Une bonne perception du modèle de gouvernance et de ses acteurs est fondamentale, par exemple, pour la définition et gestion d'une communication ample et efficace.

Modèle stratégique

Aussi axé sur les valeurs organisationnelles, le modèle stratégique se doit de définir le dynamisme de l'organisation, de l'évolution d'une situation actuelle vers une situation future, guidée par une vision.

La stratégie se doit d'avoir un regard interne sur trois grands domaines de résultats: l'effectivité ou impact, l'efficacité ou la qualité, ainsi que l'efficience ou gestion des coûts. Elle devra définir les meilleurs équilibres conjoncturels entre ces trois domaines, en fonction d'orientations et d'axes.

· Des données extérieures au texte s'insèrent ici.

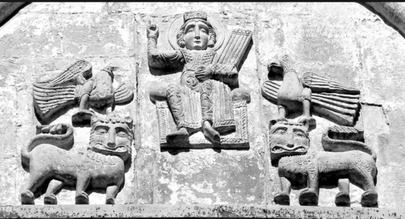 В руках у Русского Христа русские гусли. Нос Христа заменили на этот киль при реставрации в конце 20 века. Никто даже не заметил, что здесь изображено Учение Христа в камне. Всё подарили, вместе с Христом, гуслями, львами и голубями мифическому пастуху из X века до н.э.
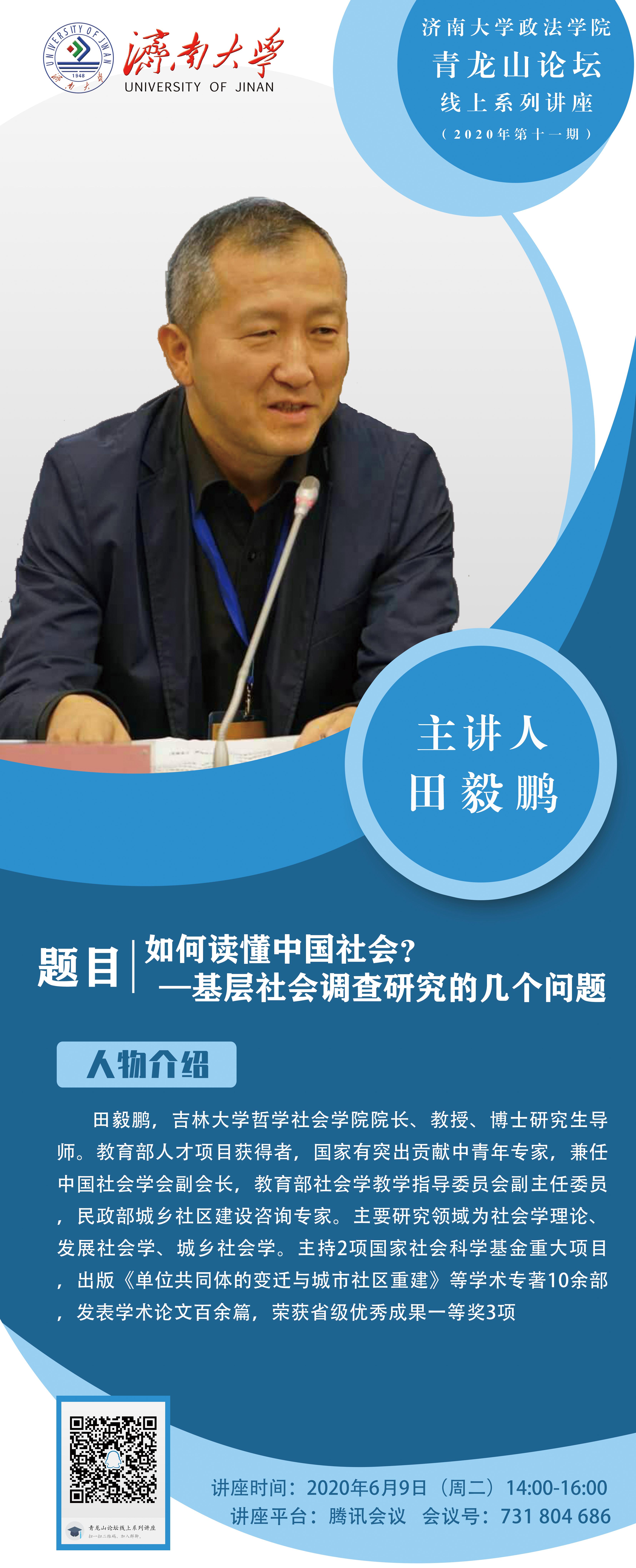 青龙山论坛——线上系列论坛(2020年第十一期)如何读懂中国社会?——基层社会调查研究的几个问题
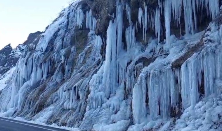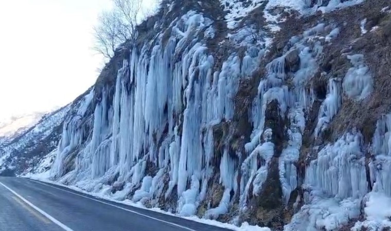 Tunceli-Pülümür-Erzincan karayolu üzerinde bulunan Ağlayan Kayalar, hava sıcaklıklarının düşmesiyle birlikte buz tutarken, ortaya çıkan manzara görsel şölen oluşturdu.

Cependant, la stratégie ne peut oublier les questions externes, telles que le respect des lois, la légitimité envers les partenaires, la reconnaissance de l'utilité par les publics cibles, le positionnement face aux concurrences ou encore les stratégies de relations et communication.

C'est de la stratégie que découlent tous les projets de changements des processus de l'organisation.